HAMPSHIRE is set to receive a massive £360m boost in a deal that aims to create thousands of jobs and new homes and revitalise the economy.
Major plans unveiled today include a new ferry terminal in Southampton, major improvements to Hampshire's road network and state-of-the-art facilities at two of the county's top colleges.
Funding for proposed new roads will help pave the way for 17,000 homes to be built in the region.
The Solent Local Enterprise Partnership (LEP) is being given £124m of Government money to spend over the next five years.
But ministers say the huge project could result in Hampshire reaping a total of £360m in private and public investment.
The Solent Growth Deal is part of a £12 billion plan to boost Britain's economy by handing power and money to the regions.
The Daily Echo revealed in April that Solent LEP had submitted a bid for £200m.
Today's launch by the Government will include a series of ministerial trips to parts of the UK that are set to benefit, including the Solent area.
Business secretary Michael Fallon is due to visit Southampton's Red Funnel ferry terminal, which is due to move to a new site in the docks.
Its relocation will release land at the centre of a £450m plan to transform Southampton's waterfront, including Mayflower Park and the derelict Royal Pier.
As reported in the Daily Echo, the scheme could include a luxury hotel, a marina and a new purpose-built home for the PSP Southampton Boat Show.
Planners have already approved proposals for a 130ft Spitfire monument to be built in Mayflower Park.
Under the Solent Growth scheme £46m will be released in the first year as part of the Government's on-going commitment to the area and a further £78.8m will be handed over from 2016-2017 onwards.
Some of the money will be used to fund a new road at Whiteley, making it possible to build 3,500 homes in the north of the area.
Other sites earmarked for housing include the proposed new community of Welborne, north of Fareham.
Improvements will also be carried out to roads on the Gosport and Fareham peninsula. Stubbington will get a new bypass and changes will be made to the Peel Common roundabout in a further bid to ease daily gridlock.
A new science, technology and engineering block will be built at Brockenhurst College and Eastleigh College will also be upgraded.
A Cabinet Office spokesman said the huge investment in the Solent area could create as many as 5,000 jobs.
Cllr Sean Woodward, leader of Fareham Borough Council and a director of Solent LEP said: “I'm absolutely delighted.
“It's been a long, hard-fought process. You don't get everything you ask for in life but we've got more than half the sum we bid for, which is wonderful news.

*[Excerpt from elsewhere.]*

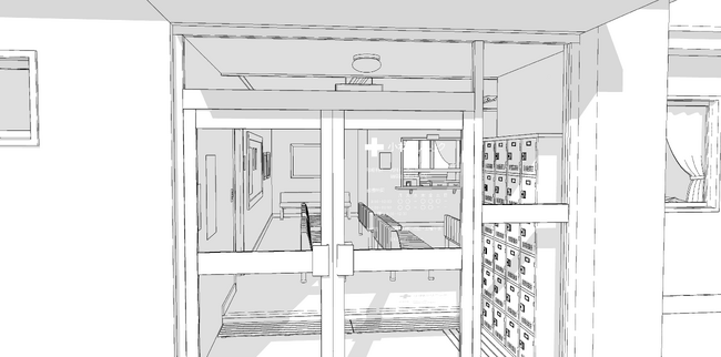 全体的な施設の構造や色味に古き良き時代の雰囲気を取り入れており、SketchUpで精密に制作されています。

“It's a tremendous boost for the area.”
Cllr Royston Smith, leader of the Conservative group on Southampton City Council, said: “It shows the Government is keen to get the economy going as well devolving power, money and responsibility to the LEPs, which are dominated by business representatives rather than councillors.”
Hampshire will also benefit from the Government's decision to hand £118m to the Enterprise M3 LEP.

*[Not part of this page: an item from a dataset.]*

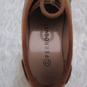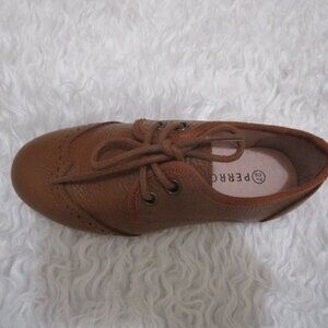 PERROQUET SHOES Boys Wingtip Oxford Leather laced shoes luggage New In Box Sz 27

Most of the money will be spent in Surrey but improvements will be made to the A340 near Basingstoke to cut congestion in the area.

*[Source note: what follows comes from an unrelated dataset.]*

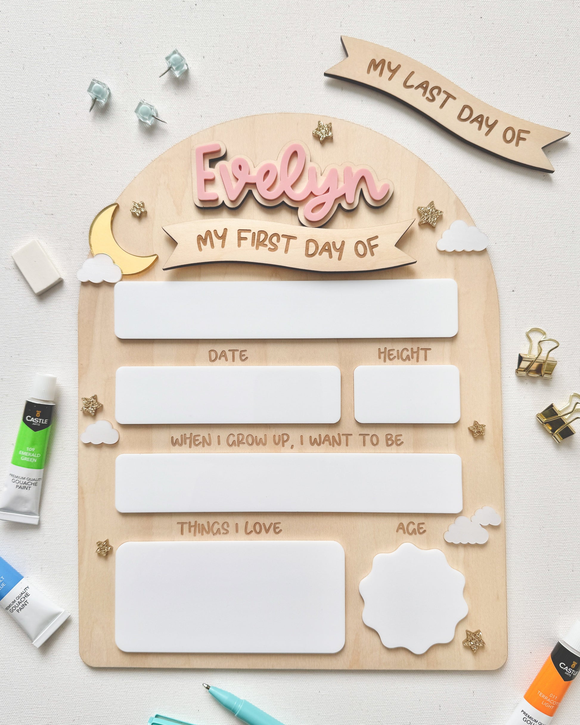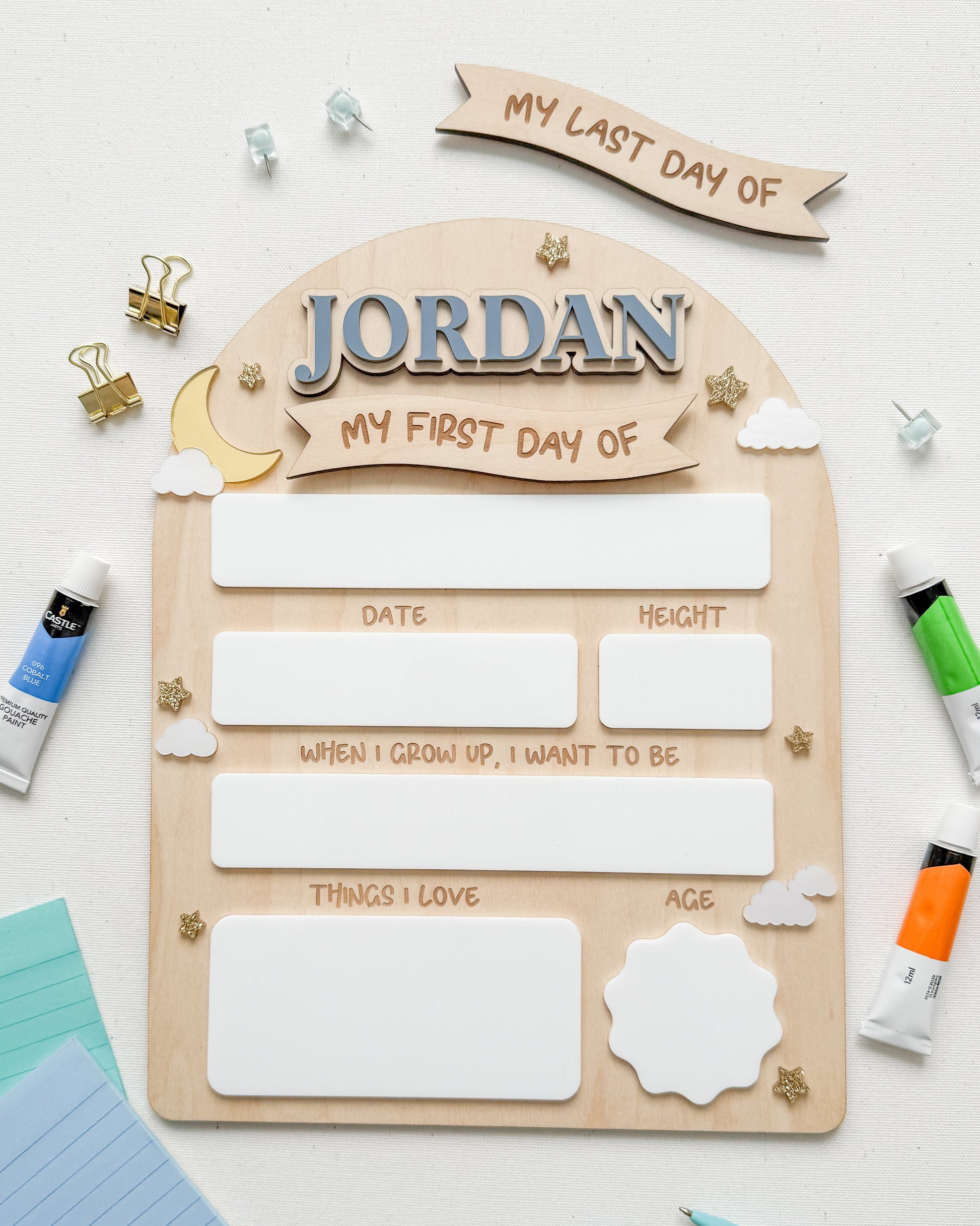 - Includes 1 "my first day of" and 1 "my last day of" plaques that are removable using velcro dots

Prime Minister David Cameron said: “Growth Deals are a crucial part of our long-term programme to secure Britain's future.
“For too long our economy has been too London-focused and too centralised.
“Growth Deals will help change all that. They are about firing up our great towns and cities, boosting local economies and growth across the country.
“This historic deal means real change with for transport in the area including citing journey times from Gosport to Portsmouth and improving the ferry terminals between Southampton and the Isle of Wight.
“It will also bring forward thousands of new homes.
“By trusting local people, backing businesses and investing in infrastructure, skills and housing, we can create thousands of new jobs “And that means more economic security, peace of mind and a brighter future for hardworking people across the south.”
Deputy Prime Minister Nick Clegg added: “We're putting power and money in the hands of people across the Solent who know how to spend it best.”
Gary Jeffries, chairman of Solent LEP, also hailed the scheme.
“Today's announcement will enable us to begin the process of transforming the Solent economy, bringing forward new homes and jobs at strategic sites, enhancing transport connectivity across the Solent, growing our skills base and supporting business growth.”
Mr Jeffries said the deal would help the LEP secure its long-term goal of securing 15,500 jobs and 24,000 homes in the Solent area.
What is the LEP?
Solent LEP was formed after the Government offered local areas the opportunity to take control of their economic development.
The locally owned partnership between businesses and local authorities plays a central role in determining economic priorities and creating jobs.
It was the first LEP in the country to have a fully-elected board of directors.
They include Doug Morrison, retired port director of Associated British Ports, and Russell Kew, chief executive of ferry operator Wightlink.